Chairs (1971), drawn in felt-tip on paper, turns everyday furniture into sentient beings. Chairs sprout limbs, bodies collapse into seating surfaces, and recliners burst like sacs of tissue. Boundaries between animate and inanimate dissolve. Lassnig reveals how objects injure and absorb us, how the body co-creates its environment. The jaunty gypsy-jazz soundtrack introduces a layer of irony to what is ultimately a haunted deliberation of mortality.

Selfportrait (1971), the first cartoon self-portrait in film history, is Lassnig’s defiant rebuttal to patriarchal modes of representation. She maps failed relationships onto grotesque transformations: a face becoming a heart, a heart becoming a machine, veins linking her to a man who drains her vitality. Yet she insists, “I still love humanity despite my horrible experiences with men.” The film anticipates the surreal body-horror of Bill Plympton but exceeds it in emotional clarity. Lassnig rejects flattering likeness and instead draws a living diagram of pain, humor, and renewal.

Shapes (1972) presents silhouetted figures dancing to Bach’s harpsichord, later joined by starched-cloth stop-motion forms. The result is an animated counterpoint in which shapes stretch and collapse with the music, each silhouette a brief embodiment. Couples (1972) extends this into a portrait of relational struggle. Awkward figures pair and separate, pursuing and avoiding one another. Lassnig uncovers the animal core of domestic life. A man complains, “I have my needs and desires, but you’re not my universe,” only to hear, “Oh? This is life?” Magazine cutouts erupt into Terry Gilliam-style interludes that remind us how romance becomes a collage of need, illusion, and endurance.

Palmistry (1973) interprets fortune-telling as a psychosexual science of misreading. Lassnig layers childhood development, superstition, and self-distortion. The hand becomes a site where knowledge and desire collide, a literal reading of a life shaped by fear, imagination, and longing for impossible relationships.

Art Education (1976) is her most openly feminist work. She stages scenes from Vermeer, Michelangelo, and other canonical male artists, revealing how women’s bodies are objectified, ignored, or disciplined. Then, she reverses the order of things: the model paints the artist, Adam pleads with God to alter him, and Eve’s desires become unanswered questions. Guided by French Baroque music, the film exposes the absurdity of institutional authority and the violence within art history’s gender scripts. “You are Michelangelo’s invention,” Adam accuses God, a line that elegantly reveals how male fantasies pass as divine truth.
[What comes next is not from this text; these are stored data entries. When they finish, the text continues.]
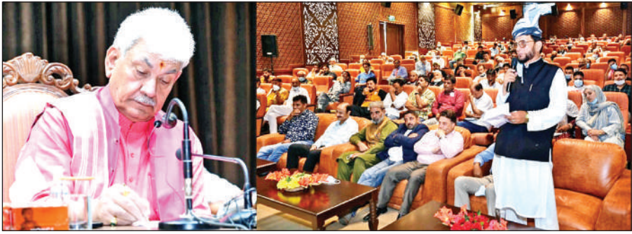
Lieutenant Governor Manoj Sinha interacting with PRI representatives and members of Civil Society from Ganderbal.

Acknowledging the efforts of PRIs, Civil Society Groups during Shri Amarnath ji pilgrimage, the Lt Governor said that the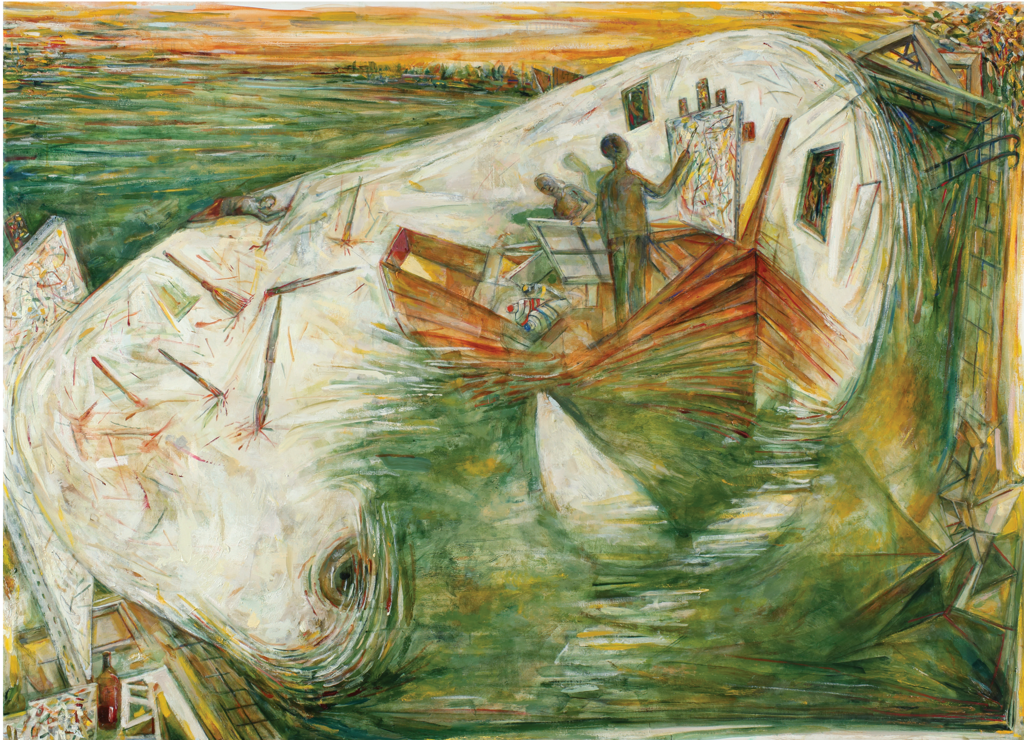
ARTURO RODRÍGUEZ Moby Dick , 2020 oil on canvas 48 x 66 inches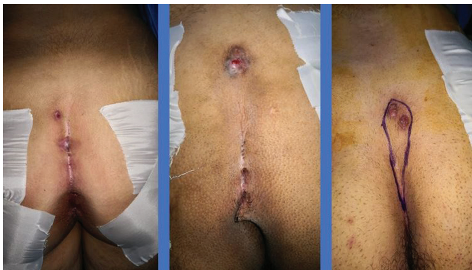
Varieties of PNS (original). PNS, pilonidal sinus.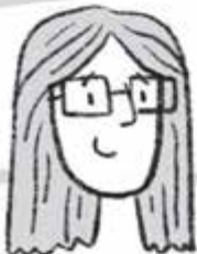
Kiara (age 13)

I love that God speaks to me in so many different ways through the Bible, even if I'm reading the same thing over and over again.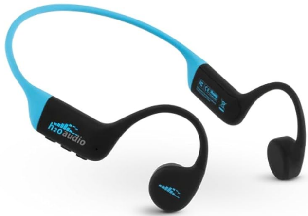
Image: The H2O Audio TRI 2 headphones accompanied by a summary of their technical specifications.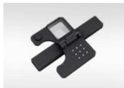
Standard Cuvette Adapter, CHIPCUVETTE Adapter, and Butterfly Cuvette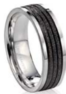
R2793 sizes 58, 60, 62, 65, 67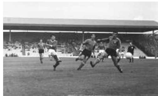
Pak Doo-ik kicks North Korea's winning World Cup goal against Italy

activity became an important part of societal mobilization and development. Mass sports involving gymnastics became a regular feature of North Korean society. Nonetheless, throughout the 1960s and 1970s both Koreas remained relatively low-key in terms of participating in international sporting events, with the notable example of the North Korean soccer team's almost legendary exploits in the 1966 World Cup in England.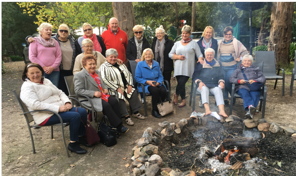
SSG SPORT Rowville at Polana Camp in Healesville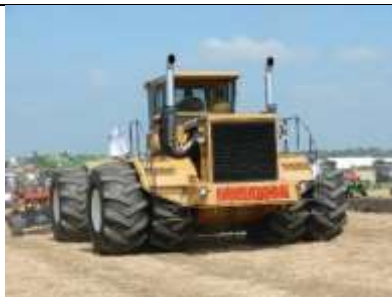
Feature tractor was a Rite-Way 750 powered by a Detroit 12V71 TT that had been tuned up to 850 hp. It plowed with a 15 furrow plow.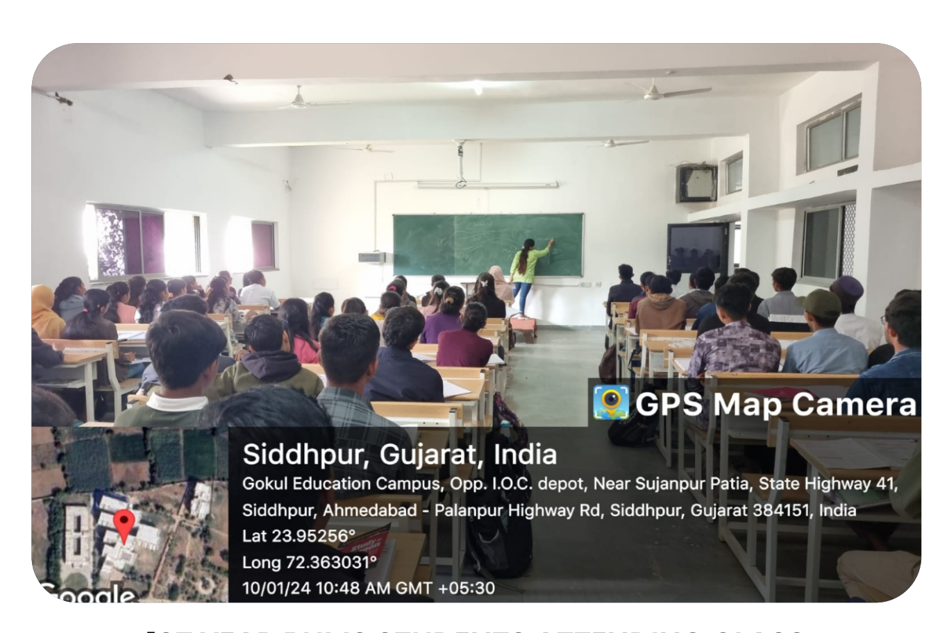
1ST YEAR BHMS STUDENTS ATTENDING CLASS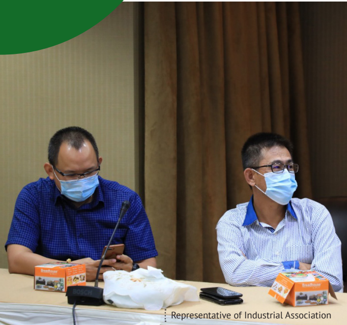
Representative of Industrial Association

The procedures must be done to ensure the protocols and also to minimize the COVID-19 virus infection in both regions despite the close relations in businesses and social activities between Batam and Singapore.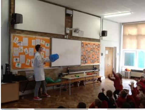
Using smoke to show the air moving.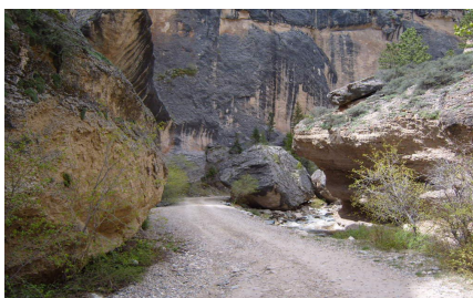
Crazy Woman Canyon- Wyoming Above and Right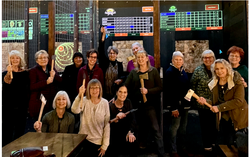
“Girls Just Wanna Have Fun” outing — axe throwing in Auburn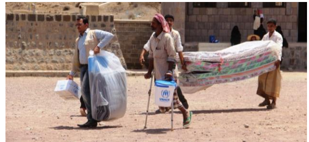
An IDP received Non-Food Items and helped to carry the items distributed by International Youth Council-Yemen and provided by UNHCR in in Al Ma'afer and Al Mawasit districts, Taizz Governorate.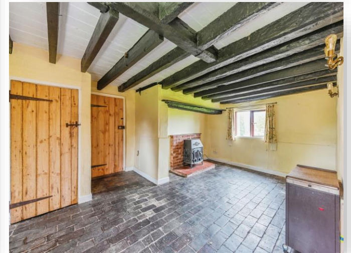
Harts Farmhouse, Pinfold Lane, Abbots Bromley, Rugeley. WS15 3AF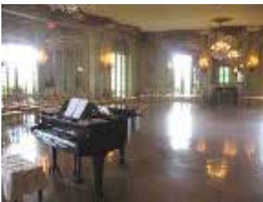
The Astor mansion ballroom (TM)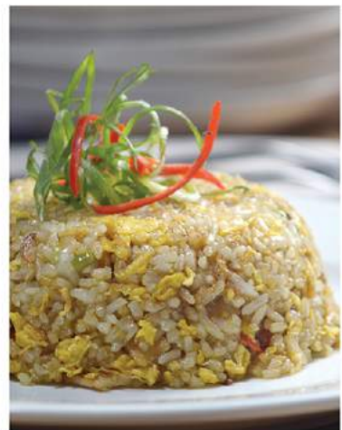
Nasi Goreng Terasi SHRIMP PASTE FRIED RICE WITH SHREDDED GOLDEN EGG Rp. 25.000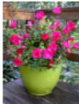
knock roses (multi-colored)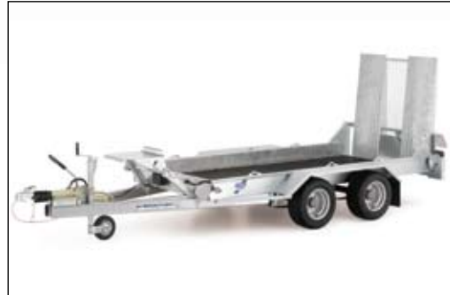
GH94 9' x 4' Plant Trailer 2700kg Gross Shown with ramp, bucket rest and heavy duty resin floor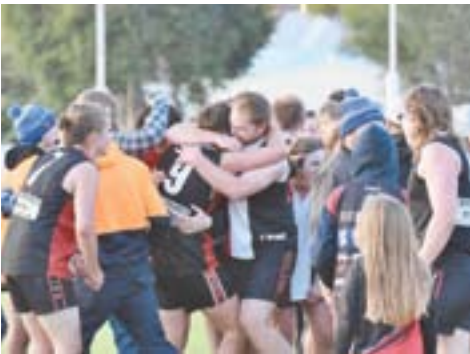
Nangwarry players embrace the moment.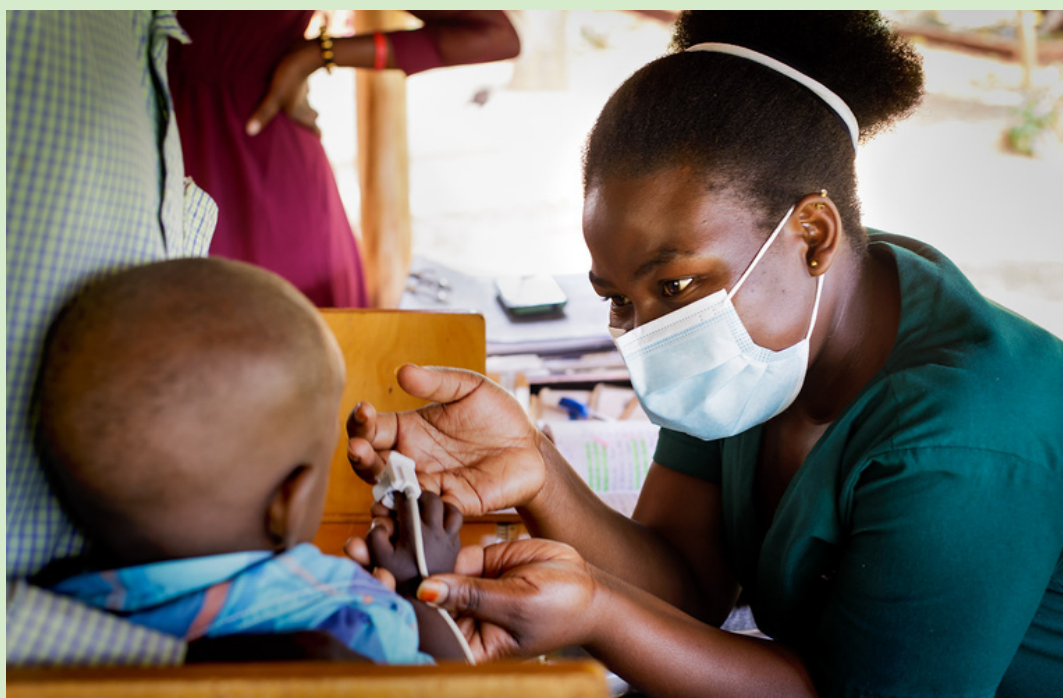
Loy measures the oxygen level of a young patient in triage.

PEDIATRIC PATIENTS TRIAGED: 1,626 = 21% OF ALL CLINIC PATIENTS IN Q3.

Maria Lassnig Kantate (1992), previously included in As She Likes It (INDEX 023) and co-directed with Hubert Sielecki, is the late flowering of this sensibility into song. At 73, Lassnig turns her life into an operatic self-portrait: childhood, art-school humiliations, betrayals by lovers, creative victories, and the joy of teaching, all rendered with humor, vulnerability, and exuberant self-possession. It is the natural culmination of a career devoted to reclaiming the body—its sensations, distortions, humiliations, and triumphs—as the truest site of art.
Across these films, Lassnig masterfully rewrites animation as a form of interior autobiography. She is not concerned with fantasy but with feelings that refuse to remain private: the embarrassment of being seen, the tenderness of self-regard, the absurdity of desire, the slow healing of wounds inflicted by patriarchy, memory, and time. In every frame, she insists that to draw is to inhabit, which is already an act of resistance.
This treasure trove belongs in every experimental cinephile’s collection.